M. Darroze a regardé les enfants. Il ne nous connaissait que depuis quelques minutes mais il était touché par la fraternité qui traverse tous les océans et fait de nous une seule famille. Il était habité par le don de soi, si caractéristique de l’esprit de Noël. Il a déclaré : « M. Andersen, bien sûr que j’ai des chambres à louer ici. Mais il ne faut pas que vous passiez la veille de Noël ici, à l’auberge. Les enfants doivent être chez eux pour attendre les joies du matin de Noël. Je vais vous prêter ma voiture et vous pourrez aller à Bordeaux ce soir. »
J’étais stupéfait de sa gentillesse. La plupart des gens se méfieraient d’inconnus, particulièrement d’étrangers comme nous. Je l’ai remercié mais je lui ai expliqué que nous étions dix et que nous ne tiendrions jamais dans une petite voiture française.
Il a hésité un instant. Toutefois ce n’était pas pour réduire le cadeau mais pour en faire un plus grand.
« Dans ma ferme, à une quinzaine de kilomètres d’ici, j’ai une vieille camionnette. On l’utilise pour l’agriculture et elle n’a que les deux sièges de devant. Elle ne monte que jusqu’à soixante-dix kilomètres-heure et je ne suis pas certain que le chauffage fonctionne. Mais si vous la voulez, je vais vous conduire quinze kilomètres jusqu’à la ferme et vous pourrez la prendre. »

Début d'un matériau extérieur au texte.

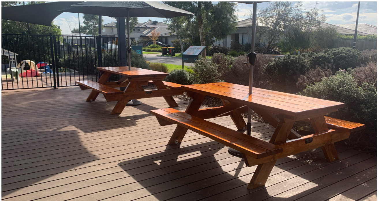
These are the two benches we made for the Grove Cafe in Diggers Rest
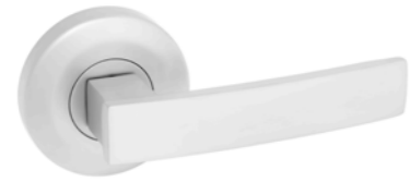
ANGULAR PASSAGE ROUND LEVERSET PICTURED FINISH Satin Chrome PART NUMBER 1905ANG (Visual Pack) 1900ANG (Trade Pack - latch sold separately)
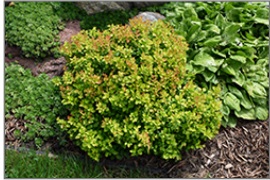
Limoncello Barberry

Limoncello Barberry is recommended for the following landscape applications;
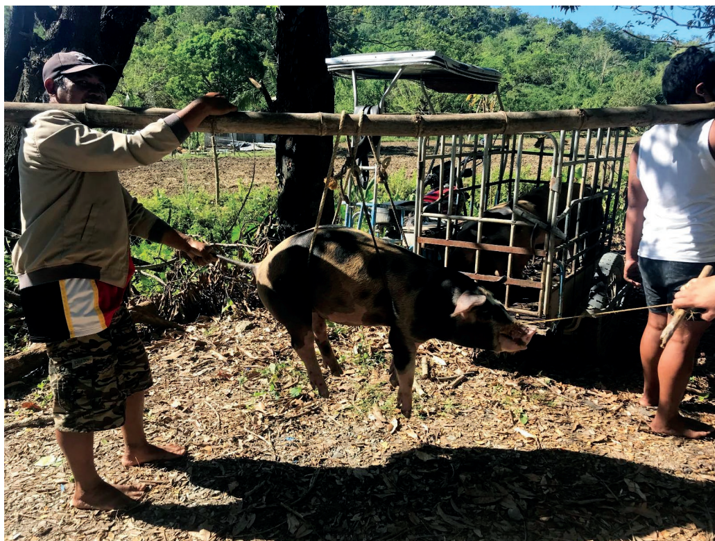
FIG. 3. — Siganon (lowlanders) swine traders who supply pork in the local market and occasionally exchange pigs for swidden-grown rice with highlanders.

tree called awyan or almuyo . This bark, after being beaten several times, turns into fibrous covering used by both men and women (Quizon & Magpayo-Bagajo in press). Children remain naked. But representatives from secluded communities use gime made of cloth, and upon return to the highland, change into ones made from bark. To maintain a collectively enforced isolation, only community representatives are allowed to go downhill. They are those who acquire names from the Tagalog.
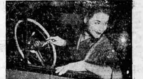
POWER STEERING ...easy as dialing a telephone! You can actually turn the wheel with one finger even when the car is at a standstill.
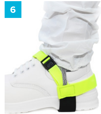
6 The footwear is now ready to be tested before entering a static sensitive area. Repeat with other shoe.

To request a quotation or for more information, please call +44 (0)1473 836200 email sales@antistat.com or visit www.antistat.com
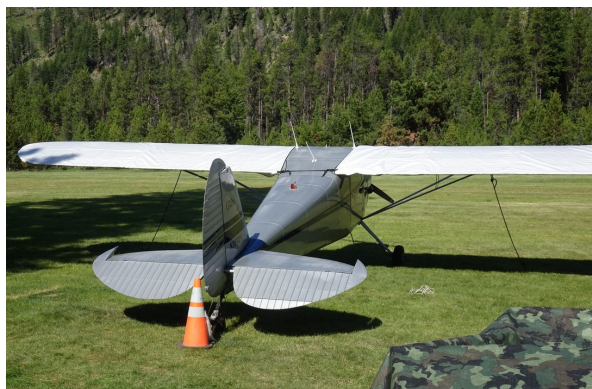
Cessna 170 Wing Covers

WINTER USE MATERIAL - Made with Solution-Dyed Polyester fabric, this option is intended for seasonal use to aid in deicing, rain mitigation, or for occasional travel. The material is lighter and more compact, but more susceptible to UV damage and may have a shorter useful life if used continuously outside than the all-year use material.
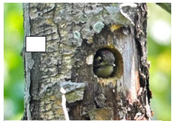
LSW Chick looking out of Norfolk nest K Bilverstone
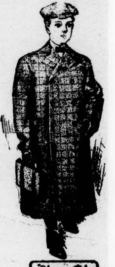
"Blumenthal Clothing" Made by Blumenthal Brothers Ltd. New York - Philadelphia

Were you one of the vast throngs that crowded our store during the past week Did you get your share of the article advertised? If not you should
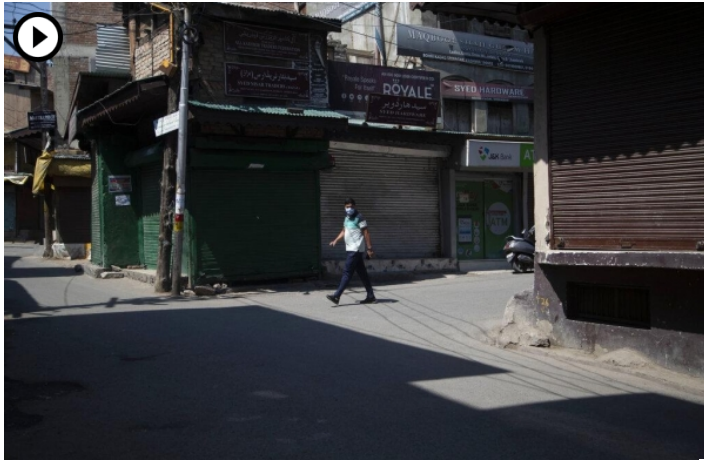
WATCH: Kashmir under lockdown again, this time due to coronavirus
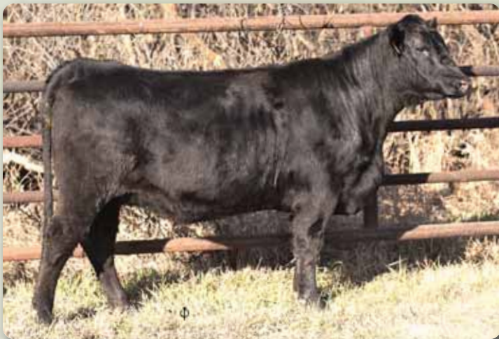
LOT 14 - Midnite Oil Quantum Lady 85E

AI bred to Soo Line Motive May 5/18. Pasture exposed to Triple H Fortitude 11E (a PA Fortitude 2500 son we feel has a bright future in our herd) May 15/18. Preg checks favourable to AI service.

Les enfants ont sauté de joie. J’ai mis la main à la poche pour prendre mon porte-monnaie ou mes cartes bancaires. Il s’est hâté de secouer la tête et le doigt en signe de désapprobation.
Il a dit : « Non, je n’accepterai rien. Vous pouvez me rendre ma camionnette quand vous aurez le temps après Noël. C’est la veille de Noël. Rentrez chez vous avec votre famille. »
Peu après minuit, nous avons aperçu les lumières de Bordeaux. Les enfants et les missionnaires s’étaient endormis à l’arrière de la camionnette de l’hôtelier. Tandis que nous prenions les rues bien connues qui nous conduisaient chez nous, Kathy et moi avons remercié notre bon Père céleste de notre propre miracle de Noël. Au moment où il était le seul à pouvoir nous faire rentrer chez nous, il avait entendu nos prières.
Nous étions chez nous la veille de Noël même s’il y avait de la place dans l’auberge à Villeneuve-de-Marsan.